Calculator Inputs
Enter raw data, or leave raw data blank and use summary statistics.
Example Data Table
| Scenario | Input Type | Values | Confidence | Use |
|---|---|---|---|---|
| One sample | Raw data | 12, 14, 15, 16, 18 | 95% | Estimate one population mean |
| Paired sample | Two matched lists | Before and after readings | 95% | Estimate mean paired change |
| Welch two sample | Summary statistics | n, mean, and standard deviation | 99% | Compare unequal variance groups |
Formula Used
One Sample and Paired Sample
Confidence interval = estimate ± t critical × standard error
Standard error = sample standard deviation / √n
Degrees of freedom = n - 1
Independent Samples
Estimate = mean one - mean two
Welch SE = √((s1² / n1) + (s2² / n2))
Pooled SE = √(sp² × (1 / n1 + 1 / n2))
t statistic = (estimate - hypothesized value) / standard error
How to Use This Calculator
- Select the correct test type.
- Choose the confidence level.
- Enter the hypothesized value, usually zero.
- Paste raw values, or enter summary statistics.
- Choose Welch or pooled variance for independent samples.
- Press the calculate button.
- Review the interval, t statistic, p value, and graph.
- Export the results as CSV or PDF.
Statistics Guide
What This Interval Means
A t test confidence interval estimates a likely range for a true mean or mean difference. It is useful when the population standard deviation is unknown. That is common in practical statistics. The interval combines the sample estimate, standard error, degrees of freedom, and a t critical value.
Supported Test Types
This calculator supports one sample, paired sample, and independent sample work. You can enter raw values or summary statistics. Raw values are best when you want the tool to compute the mean and sample standard deviation. Summary fields are useful when your report already gives n, mean, and standard deviation.
Confidence Level
The confidence level controls the width of the interval. A 95% interval is a common default. A higher confidence level gives a wider interval. A lower level gives a narrower interval. The choice should match your study risk and reporting standard.
Choosing the Right Method
For one sample tests, the point estimate is the sample mean.

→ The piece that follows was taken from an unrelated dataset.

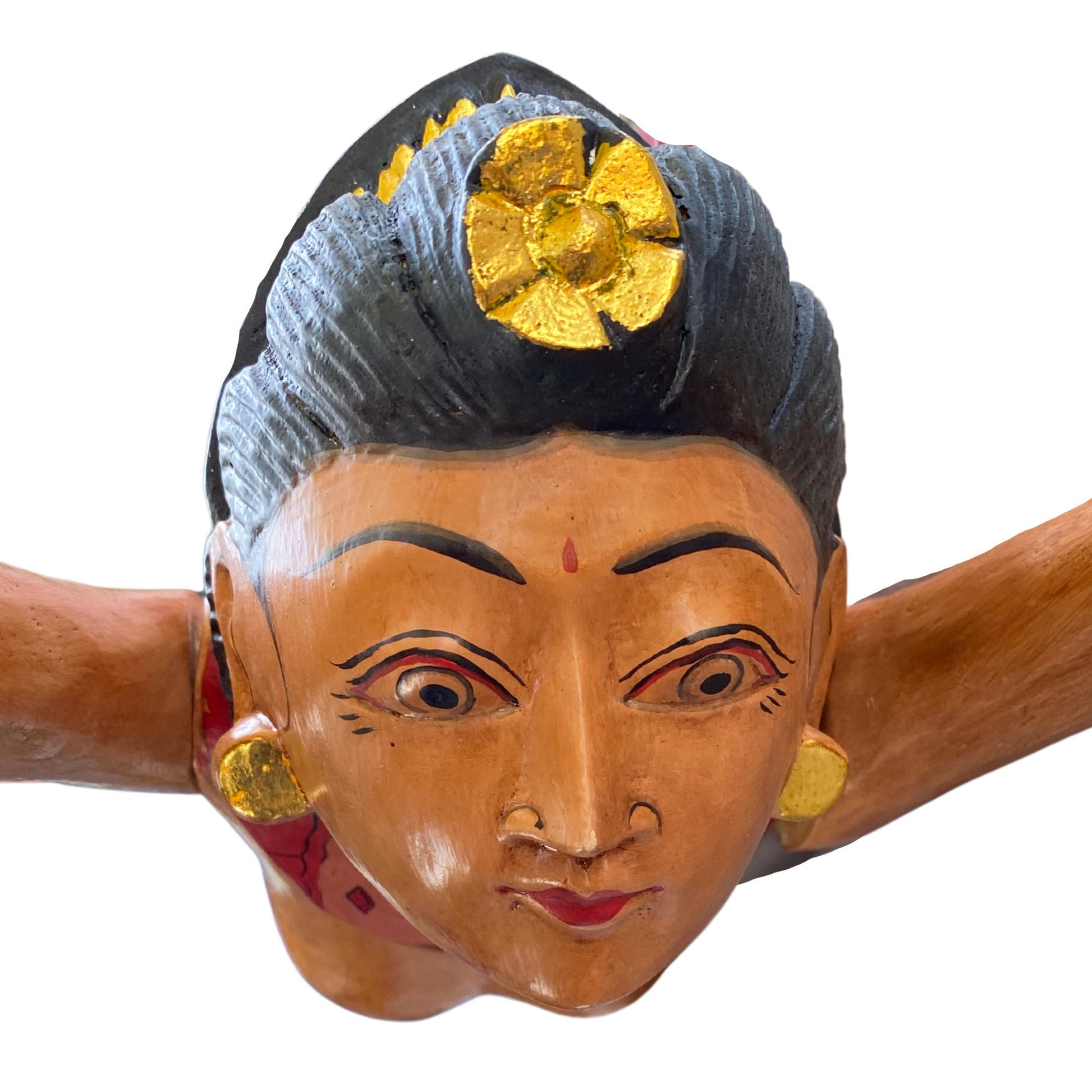 The Flying Winged Spirit Guardians (also sometimes called "Cradle Guardians") myth goes all the way back ancient Majapahit Mythology, the roots of Balinese culture and art.These Guardian figures are still produced by Balinese artisans today for they have deep cultural & spiritual significance. Typically these carvings have been used in temples or homes since ancient times to ward off evil spirits. They are always hung in a high spot, or if a statue placed on a beam or shelf looking down towards a door or window. Many types may be found from flying angels (known as "Dewi" which means "Goddess" in Balinese), animals or strange hybrids, such as head of a horse head & tail of a fish, or "Gajamina" head of an elephant & tail of a fish. It is believed that a Flying Guardian placed in ones home or sacred space will drive away evil spirits and protect the premises from harm.

For paired tests, the estimate is the mean of the paired differences. For independent tests, the estimate is the difference between two sample means. Welch output is preferred when variances may differ. The pooled option is suitable when equal variance is reasonable.
Interpreting the Test
The t statistic compares the estimate with a hypothesized value. The p value measures how unusual the observed result is under that hypothesis. The confidence interval gives a practical range. Both views help interpretation. A result can be statistically significant yet still have a small practical effect.
Using the Chart and Exports
Use the chart to see the point estimate, the null value, and the confidence limits. A wide interval means more uncertainty. A narrow interval means the estimate is more precise. Larger samples and smaller variation usually produce tighter intervals.
Good Practice
Exports make reporting easier. The CSV file stores the main numerical results. The PDF button saves a clean summary for notes or client reports. Always check assumptions before relying on results. Values should be independent for independent tests. Paired tests need matched observations. Severe outliers can distort the mean. In such cases, review a plot or consider a robust method.
Data Quality
Keep units consistent across entries. Record the context for each sample. This makes later review easier and reduces reporting mistakes greatly overall.
FAQs
1. What is a t test confidence interval?
It is a calculated range for a true mean or mean difference. It uses sample data, standard error, degrees of freedom, and a t critical value.
2. When should I use a one sample t interval?
Use it when you have one sample and want to estimate the population mean. It is useful when the population standard deviation is unknown.
3. When should I use a paired t interval?
Use it when observations are matched. Common examples include before and after results, repeated measures, or two readings from the same subject.
4. What is the Welch option?
Welch is used for two independent samples when variances may not be equal. It adjusts the degrees of freedom for safer comparison.
5. What is the pooled option?
The pooled option assumes both independent groups have equal population variance. Use it only when that assumption is reasonable for your data.
6. Why is my confidence interval wide?
A wide interval often means high variation, small sample size, or high confidence level. More consistent data usually gives a narrower interval.
7. What does the p value show?
The p value shows how unusual your result is under the null hypothesis. Smaller values give stronger evidence against the null value.
8. Can I use summary statistics?
Yes. Leave raw data blank and enter sample size, mean, and standard deviation. For two samples, complete both summary sections.